::: Extracted records :::

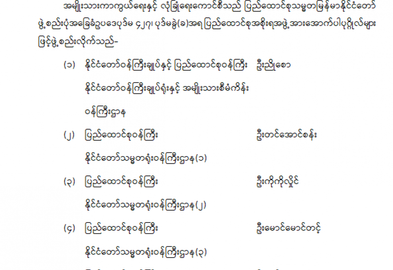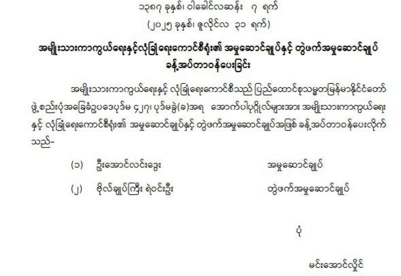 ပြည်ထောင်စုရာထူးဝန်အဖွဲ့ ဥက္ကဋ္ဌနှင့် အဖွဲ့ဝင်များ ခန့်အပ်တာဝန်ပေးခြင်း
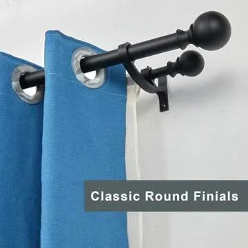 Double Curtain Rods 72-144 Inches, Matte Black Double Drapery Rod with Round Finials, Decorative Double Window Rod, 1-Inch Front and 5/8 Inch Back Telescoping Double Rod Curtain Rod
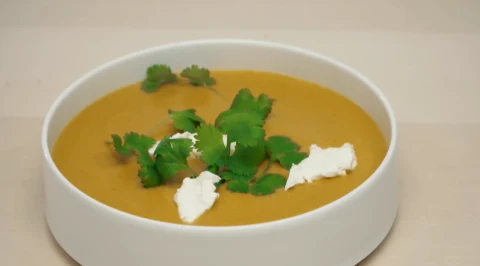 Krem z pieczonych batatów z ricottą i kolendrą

:::
::: Extracted records :::

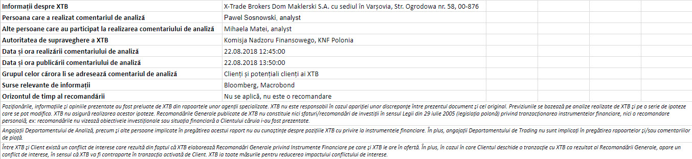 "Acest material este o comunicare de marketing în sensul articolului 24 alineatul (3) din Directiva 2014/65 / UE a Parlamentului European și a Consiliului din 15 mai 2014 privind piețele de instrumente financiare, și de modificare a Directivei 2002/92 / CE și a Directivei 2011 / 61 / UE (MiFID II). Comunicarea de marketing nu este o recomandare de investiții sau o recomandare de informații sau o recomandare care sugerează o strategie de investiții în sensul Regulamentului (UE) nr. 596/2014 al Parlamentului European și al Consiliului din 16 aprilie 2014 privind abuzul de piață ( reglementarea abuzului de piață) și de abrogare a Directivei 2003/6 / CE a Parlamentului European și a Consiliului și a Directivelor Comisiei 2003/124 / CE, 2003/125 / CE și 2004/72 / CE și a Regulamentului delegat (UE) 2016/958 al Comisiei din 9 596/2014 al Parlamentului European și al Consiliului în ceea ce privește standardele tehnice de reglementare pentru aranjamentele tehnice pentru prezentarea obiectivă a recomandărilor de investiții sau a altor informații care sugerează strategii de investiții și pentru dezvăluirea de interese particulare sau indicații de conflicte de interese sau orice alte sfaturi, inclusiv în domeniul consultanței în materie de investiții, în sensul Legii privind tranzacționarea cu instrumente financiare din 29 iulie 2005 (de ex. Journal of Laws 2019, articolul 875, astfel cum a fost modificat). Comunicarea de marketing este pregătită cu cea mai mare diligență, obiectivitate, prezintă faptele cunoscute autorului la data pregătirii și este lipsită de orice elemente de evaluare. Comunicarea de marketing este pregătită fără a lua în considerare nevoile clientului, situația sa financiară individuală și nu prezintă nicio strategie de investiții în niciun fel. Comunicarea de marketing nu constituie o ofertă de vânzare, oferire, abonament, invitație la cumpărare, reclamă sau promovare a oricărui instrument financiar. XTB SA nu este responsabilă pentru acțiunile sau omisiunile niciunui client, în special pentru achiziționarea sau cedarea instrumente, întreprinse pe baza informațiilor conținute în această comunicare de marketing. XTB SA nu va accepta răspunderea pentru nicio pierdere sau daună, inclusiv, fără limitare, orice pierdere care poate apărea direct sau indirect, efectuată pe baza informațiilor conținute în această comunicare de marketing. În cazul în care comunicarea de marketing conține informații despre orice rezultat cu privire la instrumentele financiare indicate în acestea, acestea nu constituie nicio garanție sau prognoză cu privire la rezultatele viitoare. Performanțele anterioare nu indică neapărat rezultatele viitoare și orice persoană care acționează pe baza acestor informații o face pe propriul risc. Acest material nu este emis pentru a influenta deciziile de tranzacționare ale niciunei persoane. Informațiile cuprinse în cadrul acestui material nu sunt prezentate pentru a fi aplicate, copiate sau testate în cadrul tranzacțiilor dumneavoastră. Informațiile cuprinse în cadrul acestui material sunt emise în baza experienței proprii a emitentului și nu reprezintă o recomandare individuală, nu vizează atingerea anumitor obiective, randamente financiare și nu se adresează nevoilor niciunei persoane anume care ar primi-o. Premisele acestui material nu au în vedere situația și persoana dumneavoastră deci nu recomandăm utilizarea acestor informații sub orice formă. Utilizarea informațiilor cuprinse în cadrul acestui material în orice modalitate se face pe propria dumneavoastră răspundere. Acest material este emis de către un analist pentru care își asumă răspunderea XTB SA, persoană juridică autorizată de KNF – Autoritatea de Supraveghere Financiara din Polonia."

:::

* **What the task asks**
Using the data above, transcribe exactly the lines between those containing "ပြည်ထောင်စုရာထူးဝန်အဖွဲ့ ဥက္ကဋ္ဌနှင့် အဖွဲ့ဝင်များ" and "Krem z pieczonych", inclusive, and leave every picture behind.

* **Answer for this exercise**
 ပြည်ထောင်စုရာထူးဝန်အဖွဲ့ ဥက္ကဋ္ဌနှင့် အဖွဲ့ဝင်များ ခန့်အပ်တာဝန်ပေးခြင်း
 Double Curtain Rods 72-144 Inches, Matte Black Double Drapery Rod with Round Finials, Decorative Double Window Rod, 1-Inch Front and 5/8 Inch Back Telescoping Double Rod Curtain Rod
 Krem z pieczonych batatów z ricottą i kolendrą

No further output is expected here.